Selon la portion du terrain utilisée par le propriétaire, une partie du gain en capital ne devrait pas être imposable, selon toute logique.

 

Qu’en pensez-vous ?

 

M. B.

 

Montréal

 

Vous soulevez ici un bon point. Je pense qu’il serait acceptable ou du moins très défendable que vous ajoutiez à la portion résidence principale de votre plex la portion du terrain exclusivement utilisée par le propriétaire occupant. Cet ajout aurait probablement pour effet d’accroître la portion résidence principale de l’immeuble et donc d’exempter une plus forte proportion du gain réalisé à la vente de ladite propriété. Un point à souligner : n’oubliez pas d’être conséquent dans le calcul de la proportion attribuée à la résidence principale de votre immeuble. Celle utilisée à la vente de la propriété doit être la même que celle utilisée au cours des années antérieures au moment de déclarer les revenus et dépenses de la portion à revenus de votre propriété.

 

 

Utiliser les cotisations inutilisées au REER pour contenir l’appétit du fisc

 

 

Deux aspects n’ont pas été mentionnés dans votre réponse :

 

1- Est-ce que cette personne a pris de l’amortissement durant les années de sa possession de l’immeuble ? La personne (le vendeur) n’en parle pas.
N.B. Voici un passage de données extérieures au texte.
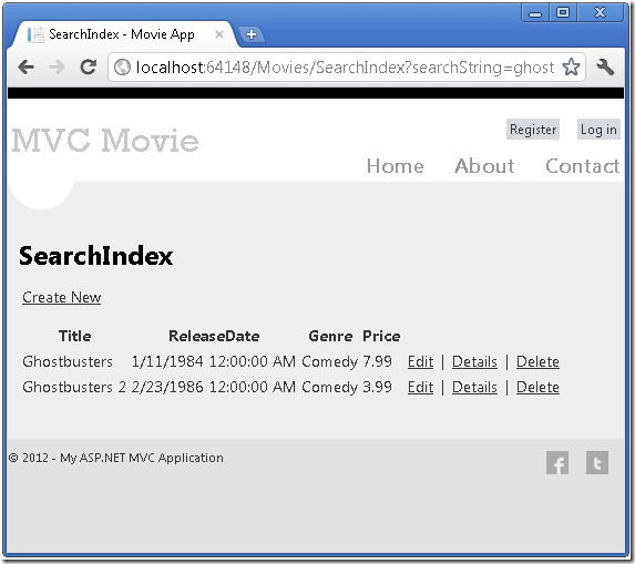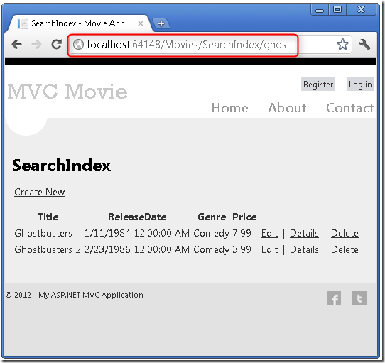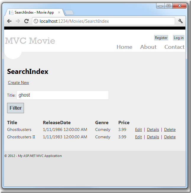运行该应用程序,然后转到 /Movies/SearchIndex。追加查询字符串到URL如?searchString=ghost。显示已筛选的电影。

L’amortissement pris sur un immeuble locatif est de l’impôt reporté. On peut prendre de l’amortissement durant certaines années et pas à d’autres. Il est donc facile d’oublier cet aspect, surtout si on a été propriétaire de l’immeuble pendant de nombreuses années. Les deux paliers d’impôt ne l’oublieront pas, eux. En principe, l’amortissement s’additionnera au gain en capital lors de la vente de l’immeuble. Donc, le vendeur a-t-il pris de l’amortissement depuis l’achat de son immeuble locatif ?

 

2- Pour diminuer la facture d’impôt lors de la vente d’un immeuble locatif, les sommes inutilisées dans un REER peuvent faire baisser le montant à payer, et ce, même si les revenus d’emploi sont minimes. Dans mon cas, ce montant des sommes inutilisées de mon REER était important. La liquidité de la vente d’un immeuble permet d’acheter facilement des REER dès maintenant et de réduire ensuite la facture d’impôt.

 

Est-ce que mon analyse est valable ?

 

 A. L.

 

Lac-Beauport

 

Vous soulevez là deux bons points. La dépense d’amortissement réclamée durant les années d’exploitation de la propriété donne lieu à une récupération d’amortissement dans l’année de la vente de la propriété. Cette récupération correspond au cumul de la dépense d’amortissement déclarée durant toutes ces années d’exploitation. Le montant cumulé s’ajoute alors au revenu imposable du propriétaire en plus du gain en capital imposable.

 

Par ailleurs, verser les cotisations inutilisées et accumulées au REER pour réduire l’appétit du fisc à la vente de la propriété est tout indiqué.